**EXERCISE DETAILS**
Only the lines from the beginning of the data through the line holding "Pamukkale ilçesinde sobadan" belong in the answer, printed exactly and without pictures.

**DATA EXCERPT**
- Opening Delimiter -

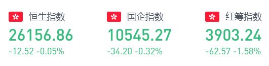 上周五收盘,恒生指数跌12.52点或0.05%,报26156.86点,全日成交额达1514.07亿。国企指数跌0.32%,报10545.27点,红筹指数跌1.58%,报3903.24点。
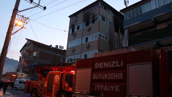 Pamukkale ilçesinde sobadan çıkan yangında 2 çocuğu dışarı çıkmayı başadan ve 1 yaşındaki çocuğunu da 4. kattan vatandaşların açtığı battaniyenin üzerine atarak kurtaran anne hayatını kaybetti.
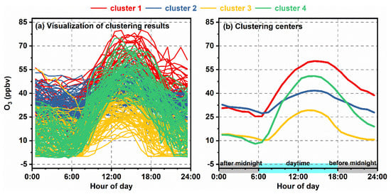Admittedly, averaging over a time scale is a vital and traditional means to assess the temporal characteristics of pollutants. However, as discussed above, higher O3 levels at this observation site were found not only in summer, but also in spring and autumn. Seasonal categories could not integrally reflect the features of higher O3 conditions. In response, we aimed to discard the time limit and classify the O3 pollution based only on the characteristics of the daily O3 variation. Accordingly, K-means clustering methodology was used to identify groups of O3 pollution according to diurnal patterns, which enabled data objects to be assigned to the same cluster in accordance with common features []. Simultaneously, each cluster maintained distinct characteristics. Clustering analysis has been applied in atmospheric pollution for many years, especially using backward trajectory clustering [].
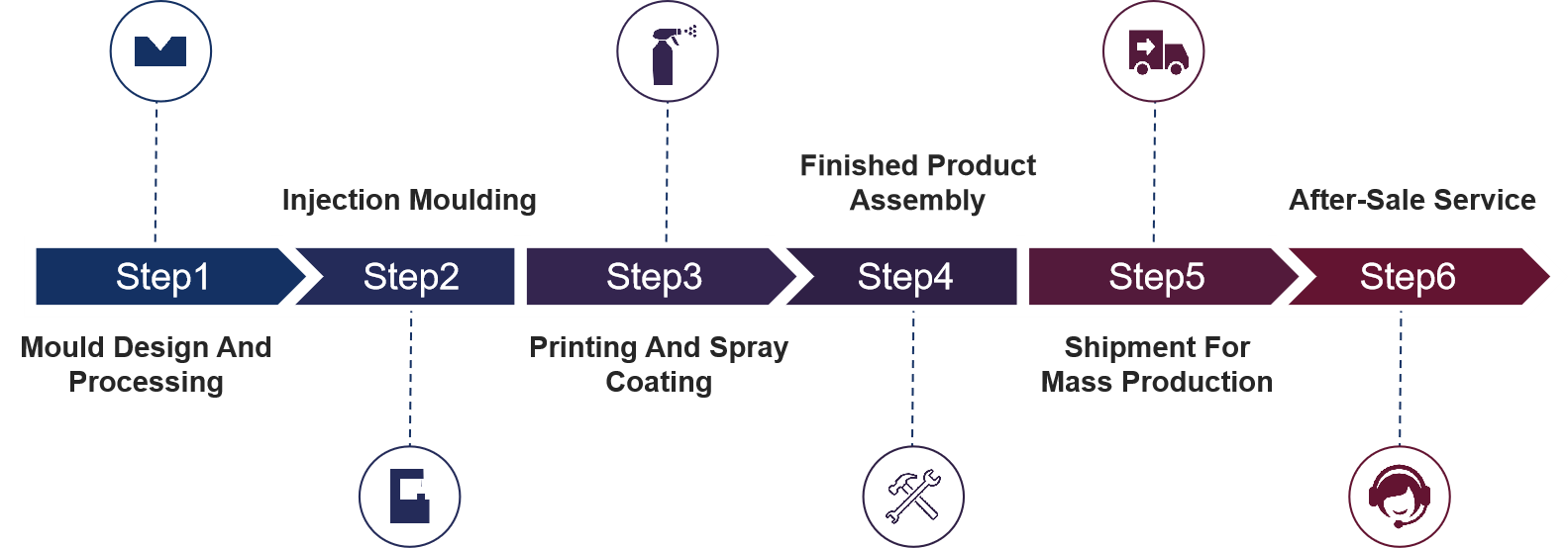 We supply one-stop solution of plastic injection system, including earlier stage product design, mould design and manufacture, injection moulding, printing, assembly and test.

- Closing Delimiter -

**REPLY**
 上周五收盘,恒生指数跌12.52点或0.05%,报26156.86点,全日成交额达1514.07亿。国企指数跌0.32%,报10545.27点,红筹指数跌1.58%,报3903.24点。
 Pamukkale ilçesinde sobadan çıkan yangında 2 çocuğu dışarı çıkmayı başadan ve 1 yaşındaki çocuğunu da 4. kattan vatandaşların açtığı battaniyenin üzerine atarak kurtaran anne hayatını kaybetti.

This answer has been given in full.